Some things, I've found, that actually ARE indispensible:

*Books. Readily available on 8th-ish Avenue, next to the post office, for free, at the Timberland Library. They'll even hook you up with a free card. Fucken amazing, these library places. Also, readily available at low prices at Orca Books, or Browser's Books, both downtown in Oly. Sure, they'll be used, and maybe a little scuffed up, but whatever. Books are important. Everybody has to have books, especially if one doesn't have a TV.

*Paper. Free, on campus, at any blue recycling container. Hell, in the computer center, most of it's blank anyway. Notebooks also available certain times of year.

*Pens. If you can't figure out how to nab yourself a free pen, I don't know how the hell you figured out how to use the internet...

*Food. Free if you have friends who take pity on you. Also free if you have friends who have money, yet don't like to cook: offer to cook for somebody who's just had a hard day's work. Then eat with them. That has almost always worked for me. Besides, you get to inflict your food onto other people's stomachs. Failing the ability to do that (if, say, you have no friends...), food is cheap in grocery stores if you don't buy brand-name stuff, assume that meat isn't necessary for life, and restrain yourself from buying Tillamook cheese and Ben & Jerry's ice cream. I'm still working on most of that. Oh yeah, and also, dandelion greens make great salads. They're going to serve you dandelion greens in pretentious restaurants anyway, so you may as well eat them out of your own yard. Seriously. And if you do it right, you can make blackberries into a three-course meal.

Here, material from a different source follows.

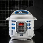 Instant Pot 112-0104-01 6Qt Star Wars Duo 6-Qt. Pressure Cooker, R2-D2, White with Blue R2D2 Instant Pot is a smart electric pressure cooker designed by Canadians aiming to be safe, convenient and dependable. It speeds up cooking by 2 6 times, uses up to 70% less energy and, above all, produces nutritious healthy food in a convenient and consistent fashion. Instant Pot Duo is a 7-in-1 programmable cooker, it replaces 7 kitchen appliances as it has the functions of a pressure cooker, slow cooker, rice cooker, steamer, sauté, yogurt maker & warmer. 14 built-in smart programs (Soup, Meat/Stew, Bean/Chili, Poultry, Sauté, Steam, Rice, Porridge, Multigrain, Slow Cook, Keep-Warm, Yogurt, Pasteurize & Jiu Niang) cook your favorite dishes with the press of a button. A 24-hour timer allows for delayed cooking. Automatic Keep Warm holds the temperature of the food until you serve it. Instant Pot generates almost no noise and leaks no steam. It traps all the aromas in the food without heating up the kitchen. The 3-ply bottom stainless steel inner pot is extremely durable and leaves no health concerns associated with non-stick coatings. The slim body design has lid holders for both left and right-handed users. The brushed stainless steel exterior is finger print resistant. Its elegant and durable design makes it easy to clean and pleasurable to use for years to come. Instant Pot Duo uses the latest 3rd generation technology with an embedded microprocessor, which monitors the pressure and temperature, keeps time and adjusts heating intensity. The cooking programs have been lab-tested hundreds of times for optimal effect. These greatly improve cooking results and maintain consistency. Instant Pot is carefully designed to eliminate many common errors that could cause harm or spoil food. It passed the stringent UL certification, giving you uncompromised safety and peace of mind, and protects you with 10 proven safety mechanisms and patented technologies. Features: Brand Instant Pot Capacity 6 Quarts Material Stainless steel Color R2-D2 Finish Type Titanium Product Dimensions 12.4"D x 12.4"W x 13.78"H Special Feature Programmable Wattage 1200 watts Control Method Touch Controller Type Push Button About this item Features 14 Smart Programs - Soup, Meat/Stew, Bean/Chili, Poultry, Sauté/Simmer, Rice, Multigrain, Porridge, Steam, Slow Cook, Keep Warm, Yogurt, Manual, and Pressure Cook. Now, your favorite dishes are as easy as pressing a button Healthy inner cooking pot made from 304 (18/8) stainless steel, no chemical coating, 3-ply bottom for even heat distribution, fully sealed environment traps the flavours, nutrients and aromas within the food. Slow-cooker setting has 3 temperature levels and can be programmed to cook between 30 minutes and 20 hours at each level Built with the latest 3rd generation technology, the microprocessor monitors pressure, temperature, keeps time, and adjusts heating intensity and duration to achieve your desired results every time UL and ULC certified with 10 safety mechanisms to provide you with added assurance, designed to eliminate many common errors Accessories include stainless steel steam rack with handles and condensation collector

*Music. The easiest way to get free music is to make friends with a band. Or two bands. Or a kid with a guitar. Hell, borrow somebody's recorder, bring a couple of quarters downtown, and record the dirt-poor beggar-kids in front of the Spar. They OFFER to sing for you for a quarter or two. Plus, they're way better than most of this current top-40 shit. Bring them a cheese sandwich and they'll play all afternoon for you. Bring them a nickel bag and a bunch of them will serenade you all day and then follow you home, still singing. Other ways to obtain cheap music are: three-dollar CD's from The Baby Bok Choy Record Club, (available nation-wide); trading mix-tapes with friends and penpals (and if you don't have any friends or penpals, *I* will be your friend and penpal and trade mix-tapes with you...); or taping Fred's show every Sunday night.

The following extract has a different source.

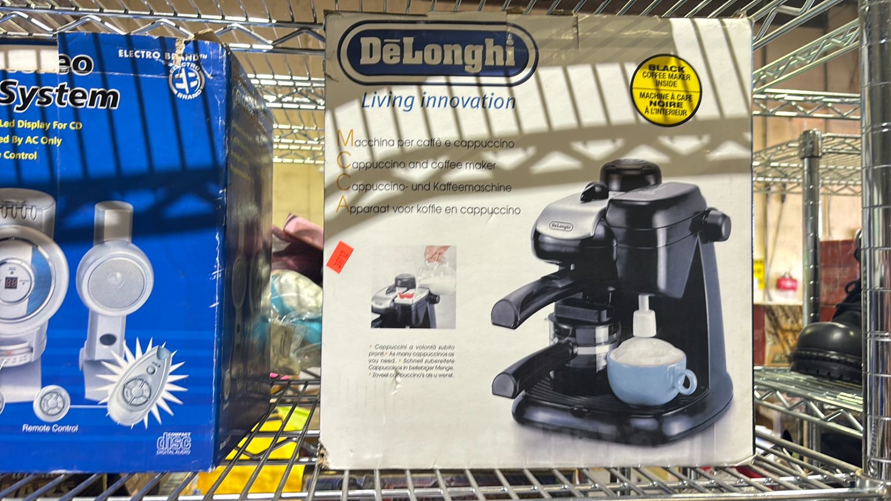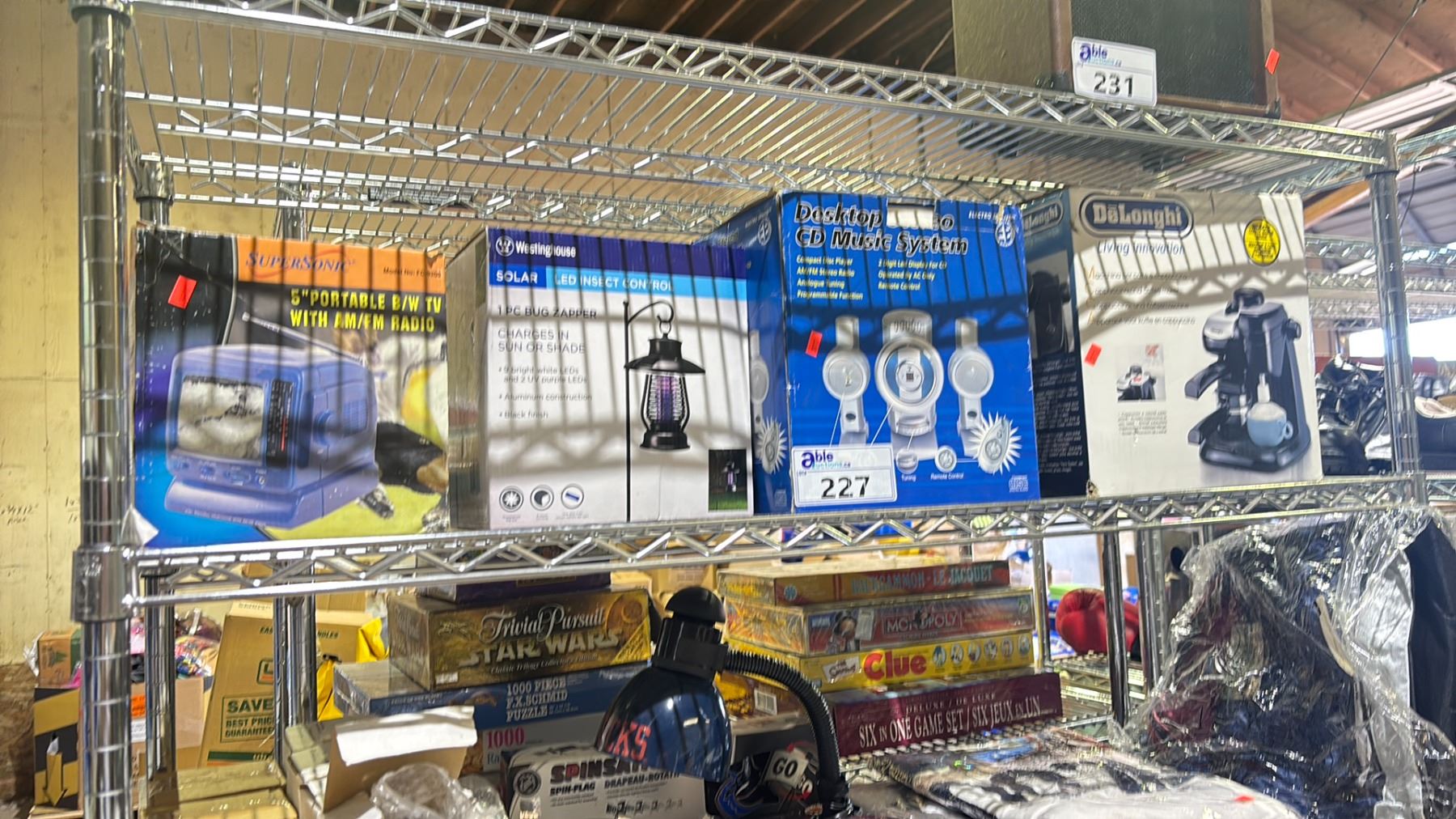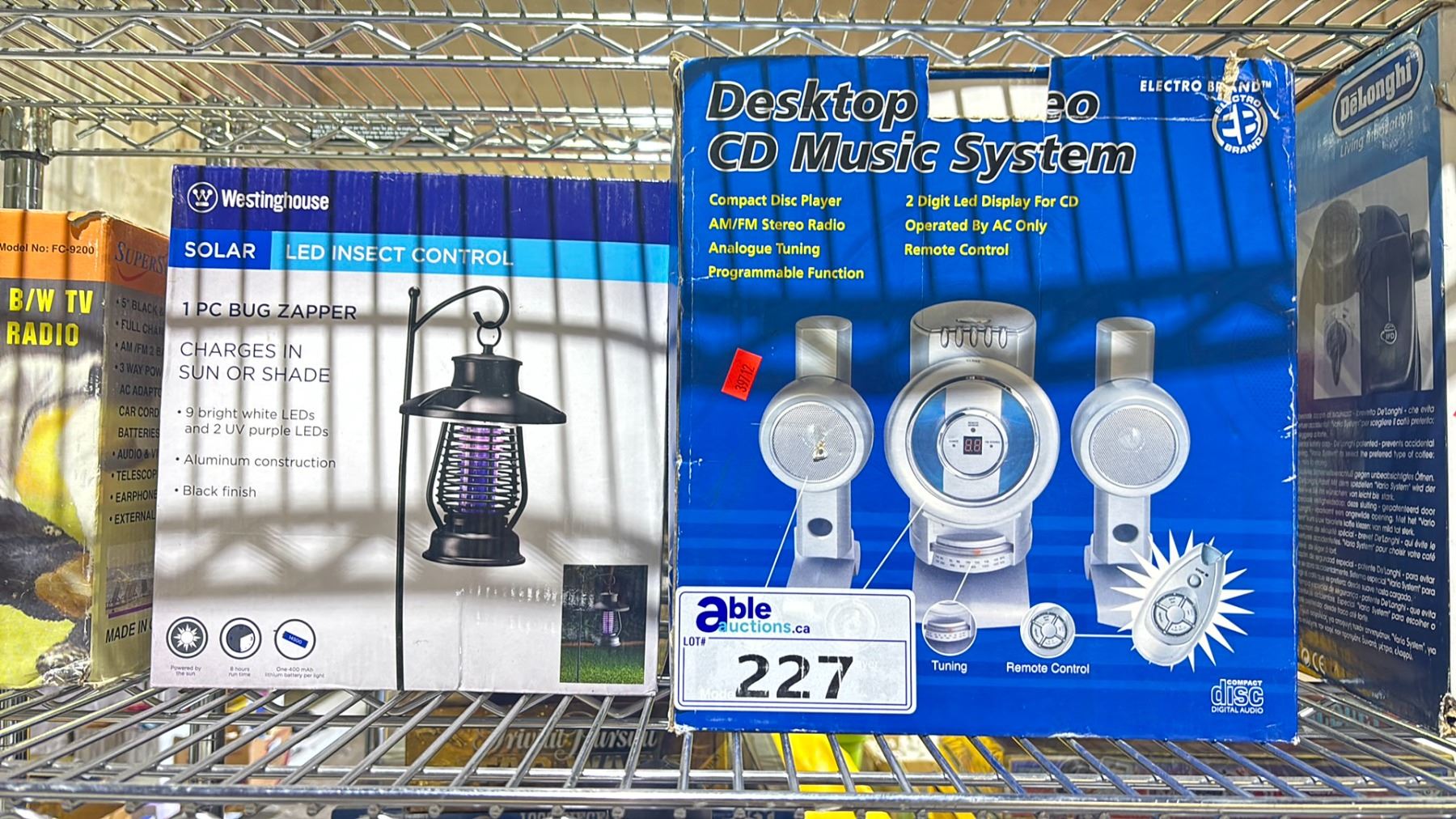 SHELF OF SOLAR BUG ZAPPER, DELONGHI CAPPUCCINO & COFFEE MAKER, 5" PORTABLE B/W TV RADIO, DESKTOP CD MUSIC SYSTEM

*The U.S.P.S. That is, it's indispensible to me, because it's the main way I keep in contact with the rest of the world, since I have no internet connection from my house, and no phone. But whatever; for me, one stamp is the equivelent of 3.7 minutes' worth of work. Can anybody really bitch about that? Hell, you can FIND 37 cents, if you need it, by walking through gas station parking lots with your head down. Hell, just walk into a gas station and empty out their penny-pit if you're really hard-up.

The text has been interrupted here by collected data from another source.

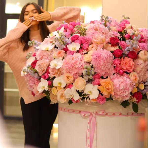 Огромная цветочная композиция высотой почти во весь рост человека от Amber обойдется в 70 тысяч гривен. В композиции есть разнообразные цветы – гортензии, пионы, розы, орхидеи и немало других цветов.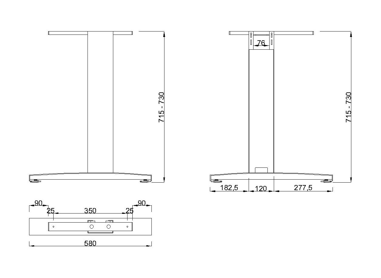 Podnož stolu krajná (základňa so skosenými koncami, šírka: 80 mm), Bočné výplne súčasťou.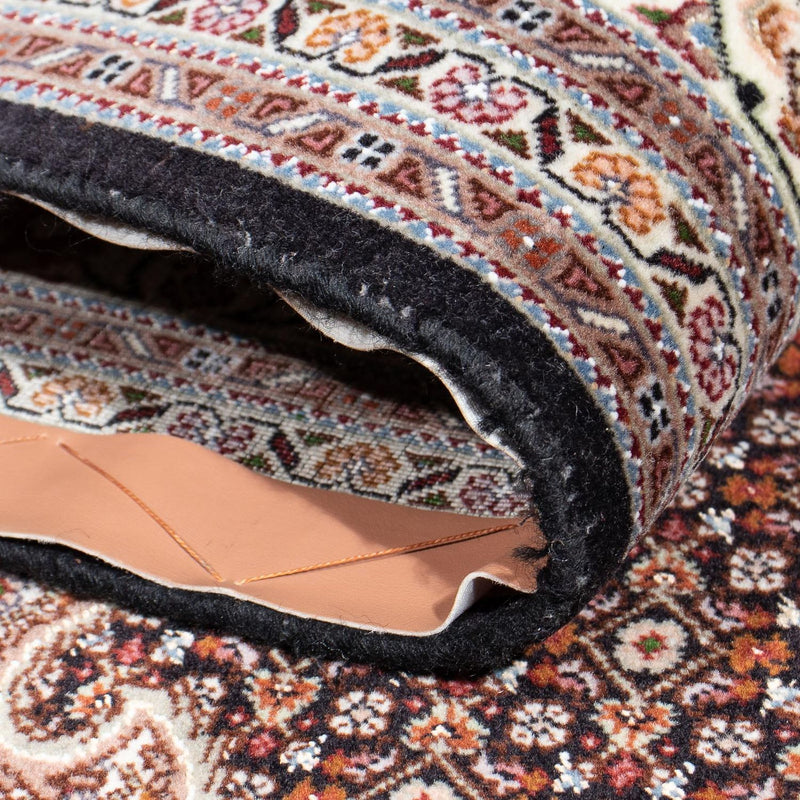 Der Täbriz gehört zu den schönsten seiner Klasse. Diese Teppiche begründeten den guten Ruf der persischen Knüpfkunst. Er ist ein sehr beliebter Teppich aus eines der besten Knüpfgebiete Persiens. Sie haben oft ein großes, zentral platziertes Medaillon aus schönen Blumenmotiven, ein typisch orientalisches Motiv. Täbriz-Teppiche haben häufig die zusätzliche Bezeichnung Raj. Man unterscheidet zwischen 40, 50, 60, 70, 80 Raj. Je höher die angegebene Zahl ist, desto feiner und dichter ist der Teppich geknüpft. Raj ist eine Qualitätsbezeichnung und bezieht sich auf die Anzahl der Knoten auf einer Breite von ca. 70 mm. Aufgrund der dichten Knüpfung und dem kurzen Flor ist der Teppich strapazierfähig, unempfindlich und auch für extreme Benutzung gut geeignet.

...But really, kids, little pieces of shit, including but not limited to pretty much everything advertised on television, aren't ACTUALLY necessary. And it's really kind of liberating to play with your own made-up toys, to use your own self-invented tools, to smile at the bookshelf nobody knows you got out of a dumpster, and to listen to music you didn't pay for. Besides, Mountain Dew kinda tastes like shit.